America’s largest brick and mortar bookseller, Barnes & Noble, has canceled a plan to offer “diversity” editions of classic novels like “The Wizard of Oz” and “Romeo and Juliet” after a backlash from progressives and social justice warriors who criticized the effort as “fake,” given that the characters in the books are still, for the most part, white.
“The new ‘Diverse Editions’ series was announced on Tuesday to honor Black History Month and due to hit shelves on Wednesday,” the Guardian reported. “The project saw 12 classic young adult novels receive new covers, the protagonists now ‘culturally diverse.’ Frankenstein[‘s monster] has brown skin, not green, while a kissing Romeo and Juliet have darker skin tones and kinky hair textures.” Juliet is also shown wearing a headscarf.
“For the first time ever, all parents will be able to pick up a book and see themselves in a story,” Barnes & Noble gloated.
The “Wizard of Oz” “diverse edition” had several variant covers, each depicting the main character, Dorothy, as a different minority ethnicity. The main character of Dr. Jekyll & Mr. Hyde is depicted wearing a turban.
“Moby Dick,” “Emma,” “The Secret Garden,” “Treasure Island,” “Peter Pan,” “Alice in Wonderland,” “The Count of Monte Cristo” and “The Three Musketeers,” were also slated to receive “diversity” updates per CNN.
But, as many on social media pointed out after reading Barnes & Noble’s initial press release, the classic novels remain unchanged within. Dorothy is still a white girl, as are the protagonists of “Emma,” “The Secret Garden,” and “Alice in Wonderland.” Romeo and Juliet are Italian. And all of the selected authors are white save one, Alexandre Dumas, who penned both “The Count of Monte Cristo,” and “The Three Musketeers.”
In many cases, the changes don’t make sense with the plotline, either. The “Wizard of Oz” is a political allegory. Jane Austen’s novels revolve around the white aristocracy in Edwardian England. And portraying Frankenstein’s monster or Dr. Jekyll as a “diverse” character seems to add little to the cultural impact of the book, particularly given that both are murderers.

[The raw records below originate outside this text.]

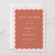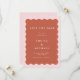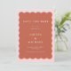 Eine moderne und stilvolle Hochzeit bewahrt die Datumsanzeige mit einer gewölbten Jakobsform in Terrakotta mit einem rot-rosa Rand und weißem Schriftart. Fügen Sie Ihre Hochzeitswebsite und QR-Code auf der Rückseite.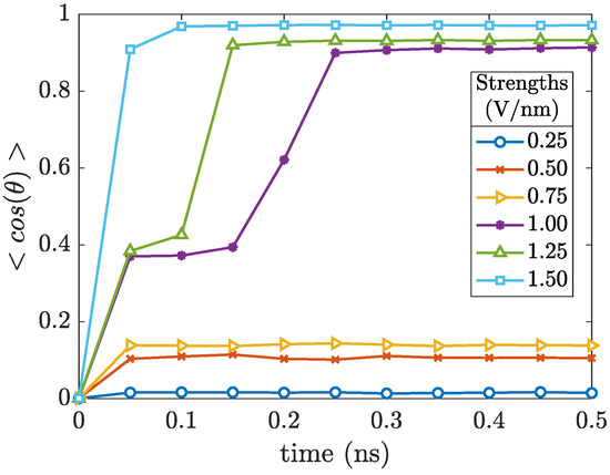 Alignment of the molecules within the crystal with the direction of the electric field can be quantified by calculating , cosine of the angle between the dipole moments of the molecules and the direction of the electric field () averaged over the number of molecules in the crystal. Equation (2) was used to calculate the dipole moment of a single molecule: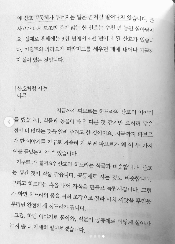 큰 사고가 나서 모조리 죽지 않는 한 산호는 수천 년 동안 살아남지요. 실제로 홍해에는 3천 년에서 4천 년이나 된 산호가 있습니다. 이집트의 파라오가 피라미드를 세우던 때에 태어나 지금까지 살아 있는 것입니다.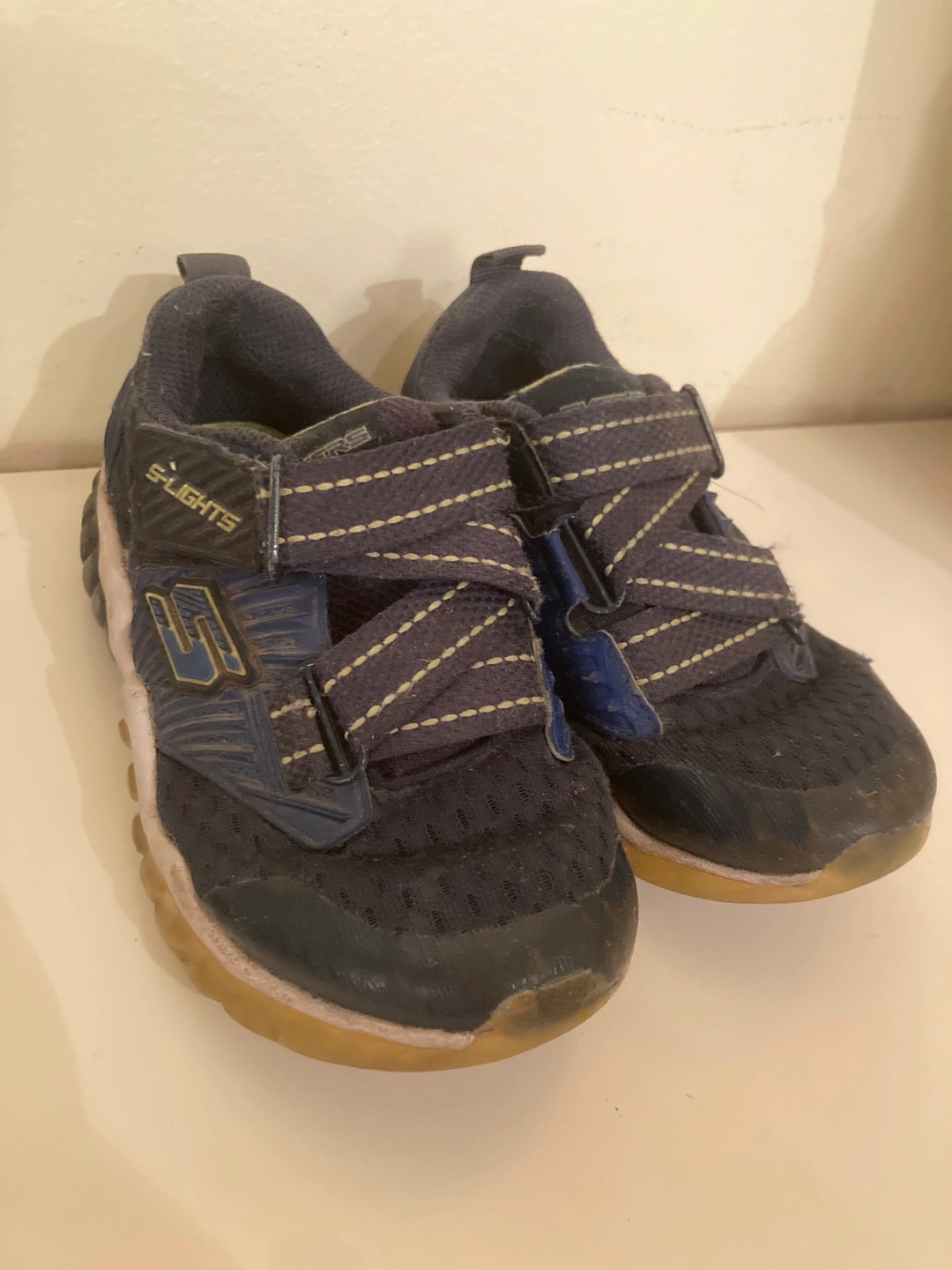 Selling a pair of Skechers S-Lights sneakers for kids! They're in used condition but still have lots of life left. They are a toddler size 11.5 in US/Canada sizing.
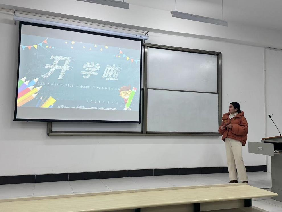 为增强同学们的安全意识,注意校园财产安全,树立新的学习目标,鼓励大家不断进取,法学2301-2305班、法律事务2301、2302班于2024年3月3日开展“开学第一课”主题班会,此次会议由辅导员王平波主持,全体同学共同参加。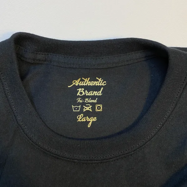 Screen Printed Metallic Tagless Neck Labels are made for brands that want a bold, metallic inside neck print with a clean, professional finish to stand out. These single color metallic plastisol labels give you bold, high-opacity neck prints that stand out clearly while still feeling soft and comfortable to wear.

Fortunately, the social media social justice warriors were on the case to point out that Barnes & Noble could celebrate a month dedicated to black history by, well, prominently marketing authors of color.
“Us: Hey, it’d be great if you could publish writers of color— Publishing industry: Black Frankenstein,” wrote author Brit Bennett.
“The only thing you’re disrupting is #BlackHistoryMonth and the literary dignity of communities of color,” David Bowles, “a Latinx children’s writer and poet,” wrote, according to the Guardian. “So disappointed in you.”
Barnes & Noble quickly backtracked on their “groundbreaking” event.
We acknowledge the voices who have expressed concerns about the Diverse Editions project at our Barnes & Noble Fifth Avenue store and have decided to suspend the initiative,” they wrote in a statement released just 24 hours after announcing the “diversity editions.” “The covers are not a substitute for black voices or writers of color, whose work and voices deserve to be heard. The booksellers who championed this initiative did so convinced it would help drive engagement with these classic titles.”